**EXERCISE GOAL**
The part to set down runs from the first line of the data below through the line with "Kletterfans aufgepasst: Direkt", inclusive; write it exactly and leave out the pictures.

**RAW DATA**
•••
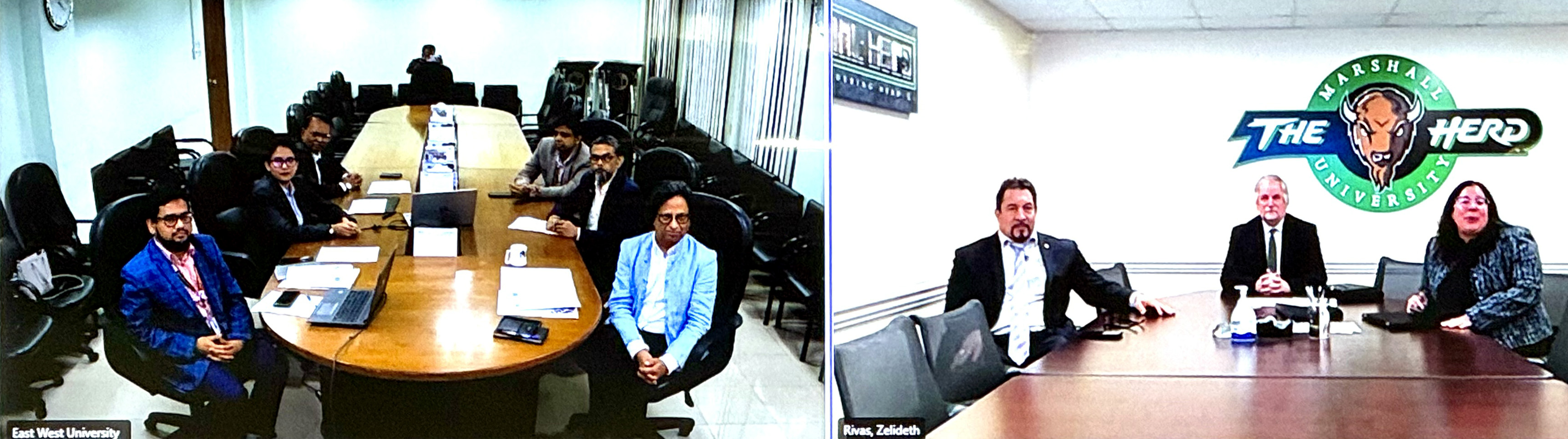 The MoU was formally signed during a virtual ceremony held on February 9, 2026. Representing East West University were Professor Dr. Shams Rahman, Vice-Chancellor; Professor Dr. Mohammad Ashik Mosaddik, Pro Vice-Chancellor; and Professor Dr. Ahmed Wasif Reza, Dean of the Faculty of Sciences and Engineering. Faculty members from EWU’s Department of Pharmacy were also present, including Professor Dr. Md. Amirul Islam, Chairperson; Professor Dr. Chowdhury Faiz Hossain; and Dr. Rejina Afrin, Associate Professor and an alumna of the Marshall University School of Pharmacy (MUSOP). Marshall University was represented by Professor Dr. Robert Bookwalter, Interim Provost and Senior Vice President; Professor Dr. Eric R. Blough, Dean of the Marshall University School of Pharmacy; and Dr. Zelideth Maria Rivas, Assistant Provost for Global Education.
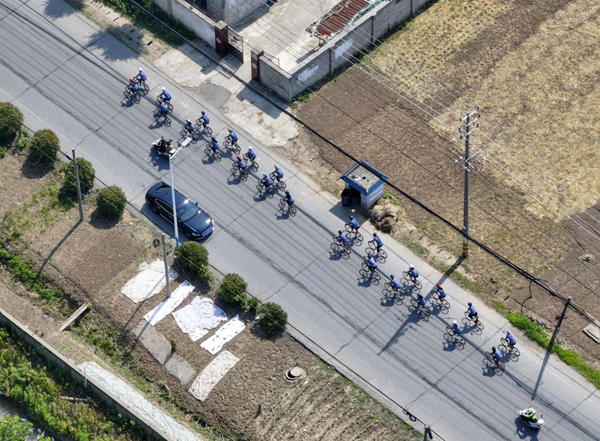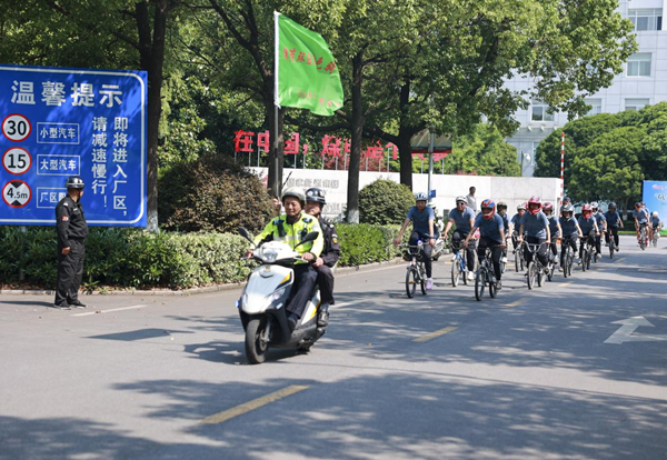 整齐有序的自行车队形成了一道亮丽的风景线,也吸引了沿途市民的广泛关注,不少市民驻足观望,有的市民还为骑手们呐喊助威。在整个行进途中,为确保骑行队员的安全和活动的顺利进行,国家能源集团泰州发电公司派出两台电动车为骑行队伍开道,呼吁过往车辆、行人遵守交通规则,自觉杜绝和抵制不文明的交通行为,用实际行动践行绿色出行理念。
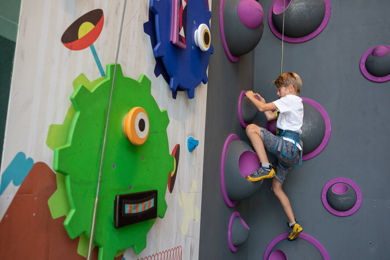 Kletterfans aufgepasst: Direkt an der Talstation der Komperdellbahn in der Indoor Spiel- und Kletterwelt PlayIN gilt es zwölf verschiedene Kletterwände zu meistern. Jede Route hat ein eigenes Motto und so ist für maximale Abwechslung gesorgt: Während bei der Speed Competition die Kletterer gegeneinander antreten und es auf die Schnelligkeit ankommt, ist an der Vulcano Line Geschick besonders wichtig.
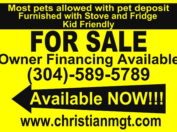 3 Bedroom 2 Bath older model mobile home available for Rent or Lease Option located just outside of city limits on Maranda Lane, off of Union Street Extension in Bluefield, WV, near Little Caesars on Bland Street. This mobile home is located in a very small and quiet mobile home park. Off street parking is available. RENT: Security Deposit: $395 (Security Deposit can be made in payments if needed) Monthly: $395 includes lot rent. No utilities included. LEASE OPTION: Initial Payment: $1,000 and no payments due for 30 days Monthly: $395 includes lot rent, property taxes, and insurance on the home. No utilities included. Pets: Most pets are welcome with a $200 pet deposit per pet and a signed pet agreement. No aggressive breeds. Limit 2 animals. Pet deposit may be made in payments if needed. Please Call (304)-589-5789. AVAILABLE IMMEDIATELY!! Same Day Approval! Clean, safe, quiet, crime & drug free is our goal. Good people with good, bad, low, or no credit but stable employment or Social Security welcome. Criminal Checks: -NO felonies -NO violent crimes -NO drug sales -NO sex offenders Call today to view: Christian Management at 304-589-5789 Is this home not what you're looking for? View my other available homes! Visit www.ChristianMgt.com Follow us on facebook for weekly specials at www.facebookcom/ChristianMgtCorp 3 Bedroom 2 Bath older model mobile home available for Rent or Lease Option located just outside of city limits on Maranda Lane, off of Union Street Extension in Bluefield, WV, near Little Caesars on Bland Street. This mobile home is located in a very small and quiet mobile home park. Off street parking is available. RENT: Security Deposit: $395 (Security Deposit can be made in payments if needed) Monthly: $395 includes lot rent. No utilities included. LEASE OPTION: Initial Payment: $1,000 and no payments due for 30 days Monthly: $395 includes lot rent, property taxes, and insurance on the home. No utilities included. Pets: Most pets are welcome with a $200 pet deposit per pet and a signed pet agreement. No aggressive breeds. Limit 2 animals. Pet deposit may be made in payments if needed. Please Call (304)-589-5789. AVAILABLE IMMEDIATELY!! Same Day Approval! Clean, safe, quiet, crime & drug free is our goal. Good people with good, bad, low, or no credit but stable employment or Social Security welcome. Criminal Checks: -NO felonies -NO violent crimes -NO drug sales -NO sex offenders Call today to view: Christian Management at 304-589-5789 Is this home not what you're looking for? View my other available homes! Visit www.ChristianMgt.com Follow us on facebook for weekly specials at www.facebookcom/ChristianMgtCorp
•••
**SOLVED EXERCISE**
 The MoU was formally signed during a virtual ceremony held on February 9, 2026. Representing East West University were Professor Dr. Shams Rahman, Vice-Chancellor; Professor Dr. Mohammad Ashik Mosaddik, Pro Vice-Chancellor; and Professor Dr. Ahmed Wasif Reza, Dean of the Faculty of Sciences and Engineering. Faculty members from EWU’s Department of Pharmacy were also present, including Professor Dr. Md. Amirul Islam, Chairperson; Professor Dr. Chowdhury Faiz Hossain; and Dr. Rejina Afrin, Associate Professor and an alumna of the Marshall University School of Pharmacy (MUSOP). Marshall University was represented by Professor Dr. Robert Bookwalter, Interim Provost and Senior Vice President; Professor Dr. Eric R. Blough, Dean of the Marshall University School of Pharmacy; and Dr. Zelideth Maria Rivas, Assistant Provost for Global Education.
 整齐有序的自行车队形成了一道亮丽的风景线,也吸引了沿途市民的广泛关注,不少市民驻足观望,有的市民还为骑手们呐喊助威。在整个行进途中,为确保骑行队员的安全和活动的顺利进行,国家能源集团泰州发电公司派出两台电动车为骑行队伍开道,呼吁过往车辆、行人遵守交通规则,自觉杜绝和抵制不文明的交通行为,用实际行动践行绿色出行理念。
 Kletterfans aufgepasst: Direkt an der Talstation der Komperdellbahn in der Indoor Spiel- und Kletterwelt PlayIN gilt es zwölf verschiedene Kletterwände zu meistern. Jede Route hat ein eigenes Motto und so ist für maximale Abwechslung gesorgt: Während bei der Speed Competition die Kletterer gegeneinander antreten und es auf die Schnelligkeit ankommt, ist an der Vulcano Line Geschick besonders wichtig.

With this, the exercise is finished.